From The Bookseller:

Waterstones has reported a profit for the first time under the ownership of Russian businessman Alexander Mamut and direction of its m.d. James Daunt.

Boosted by “better standards of bookselling”, the 270-store chain saw sales rise by 4% to £409.1m in the year to 30th April 2016, helping it achieve an operating profit of £18.8m, resulting in a pretax profit of £9.9m, after finance costs, compared to a pretax loss of £4.5m a year earlier.
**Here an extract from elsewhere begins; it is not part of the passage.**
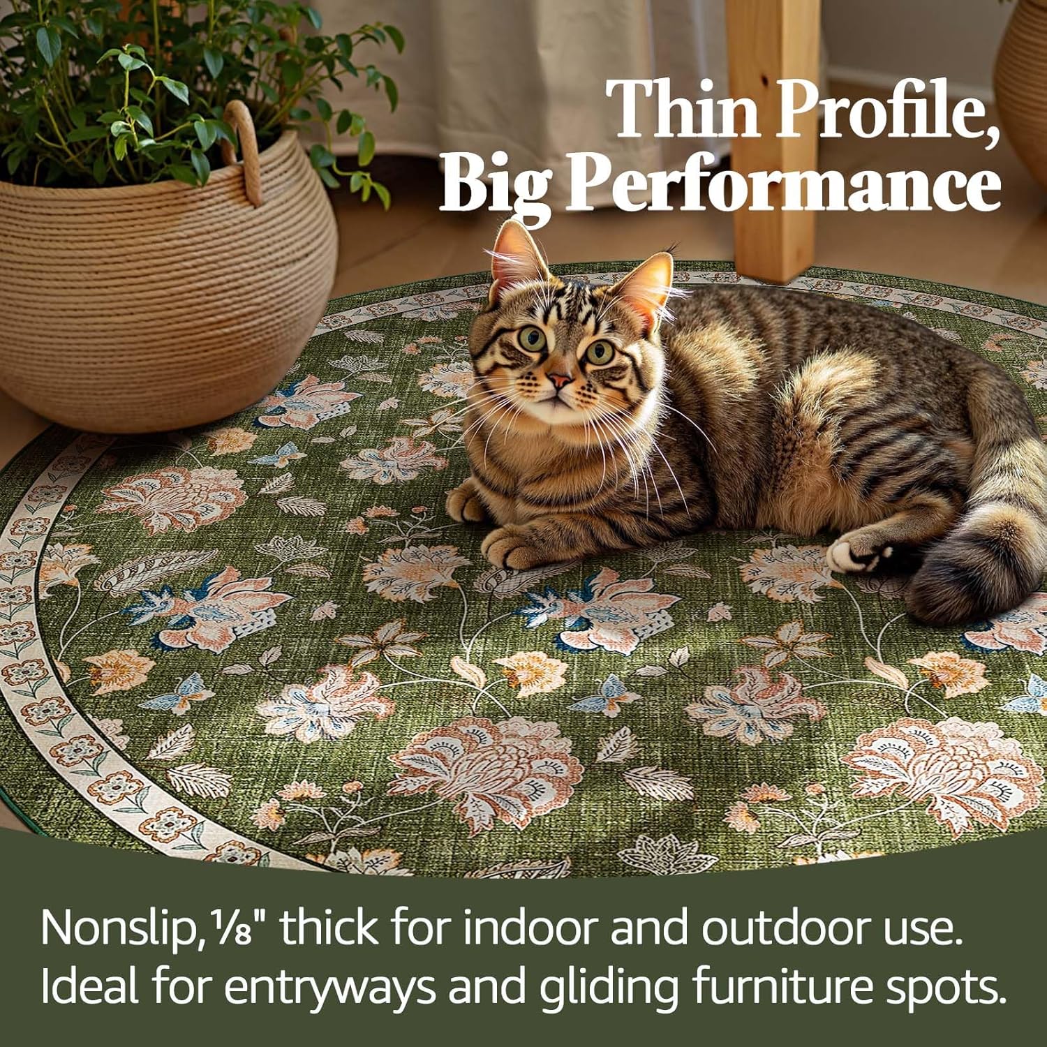 jinchan 8ft Floral Round Rug for Dining Room Washable Living Room Rug Vintage Romance Design Non Slip Indoor Floor Cover Lightweight Low-Profile Throw Carpet for Bedroom Porch Patio, Green

Waterstones’ m.d James Daunt told The Bookseller that the company benefitted from a slow down in the growth of e-book sales and enticed customers back to its high street shops my making them “better, different, nicer” environments to be in. He stressed the importance of the booksellers. “Everything relies on bookselling and offering a better service around bookselling,” Daunt said. “People come into our shops for the knowledge and the service, the success of The Essex Serpent (Waterstones’ 2016 Book of the Year by Sarah Perry, Serpent’s Tail), shows you that. Our support meant a book which would otherwise have achieved modest sales became a bestseller in the most competitive month of December. That is all about the service from bookselling. It is not about posters on the underground, but individual recommendations.”

. . . .

Higher sales of non-book products also helped the chain, now accounting for 12% of the company’s turnover. But while Waterstones plans to grow this to 15% over the next three years, the company will always revolve around sales of books, Daunt said. “We are still absolutely 80% a seller of books. I think non-book product simply makes bookshops better. People want the option of buying a children’s toy or stationery as well as books,” he said.

. . . .

“Amazon is our only real competitor,” he said.

. . . .

Daunt said the company was not missing sales from its direct e-books store, after closing it in May last year to direct customers to Kobo’s. “E-books are a duopoly market and we never really competed in it,” he said. “It is a big boys game.”

Link to the rest at The Bookseller

2 thoughts on “Waterstones back in the black after five years”

  1. PG, You rascal, you. Sly juxtaposition with “Why Amazon Will Be A Growth Story For Many Years.”

    I applaud Waterstones new management, but when your company breaking into the black is rare enough to make the news, that is not a good sign.